1 is an exploded perspective view of a driver according to the present invention, and FIG. 2 shows a combined state of FIG. 1. According to the drawings, the present invention may include a first substrate 10 and a second substrate 20, and a third substrate 30. This configuration is achieved by stacking sequentially.

The first substrate 10 includes a first silicon panel 11 and a coil-shaped magnetic field generator 12 provided on an upper surface thereof to generate a magnetic field according to the application of power.

In addition, the second substrate 20 is formed by forming an upper / lower open receiving space 22 at a position corresponding to the magnetic field generator 12 of the second silicon panel 21. In this case, the accommodation space 22 is a place where the magnetic fluid 1 is accommodated.

The third substrate 30 is formed by forming an injection hole 32 for injecting the magnetic fluid 1 into the accommodation space 22 of the second silicon panel 21 in the third silicon panel 31. do. In addition, in the third silicon panel 31, a magnetic fluid flow space 33 communicating with the accommodation space 22 is formed where the injection hole 32 is avoided.

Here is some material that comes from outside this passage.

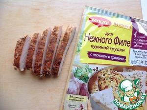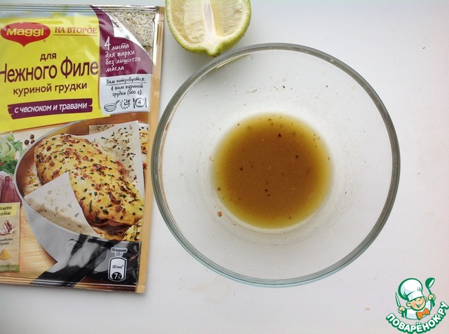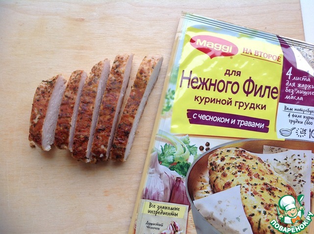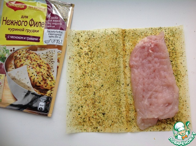 - Специи ("MAGGI на второе для нежного филе куриной грудки с чесноком и травами" — 1 лист) — по вкусу

In this case, the magnetic fluid flow space 33 is a space in which the magnetic fluid 1 reacts.

In addition, a thin film 40 of a soft material covering the magnetic fluid flow space 33 is deposited. The thin film 40 is deformed upward by the reaction force of the magnetic fluid 1, and can be freely deformed when the magnetic fluid 1 is unreacted.

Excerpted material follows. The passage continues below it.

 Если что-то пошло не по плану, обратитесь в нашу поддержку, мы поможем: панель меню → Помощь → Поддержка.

Therefore, in a state in which no power is applied to the magnetic field generating unit 12, the magnetic fluid 1 remains in a non-reactive state as shown in FIG. 2, and when power is applied to the magnetic field generating unit 12, the magnetic field generating unit ( As the magnetic fluid 1 accommodated in the receiving space 22 of the second substrate 20 reacts with the magnetic field generated by 12), a force to be discharged through the magnetic fluid flow space 32 of the third substrate 30 is reacted. Will occur.

At this time, the thin film 40 covering the magnetic fluid flow space 32 is deformed convex upward as shown in FIG. 3 by the force P to be discharged from the magnetic fluid 1. As the thin film 40 is deformed by the reaction or no reaction of the magnetic fluid 1, it is possible to provide power for transferring the fluid (not shown) flowing over the thin film 40 to an appropriate point.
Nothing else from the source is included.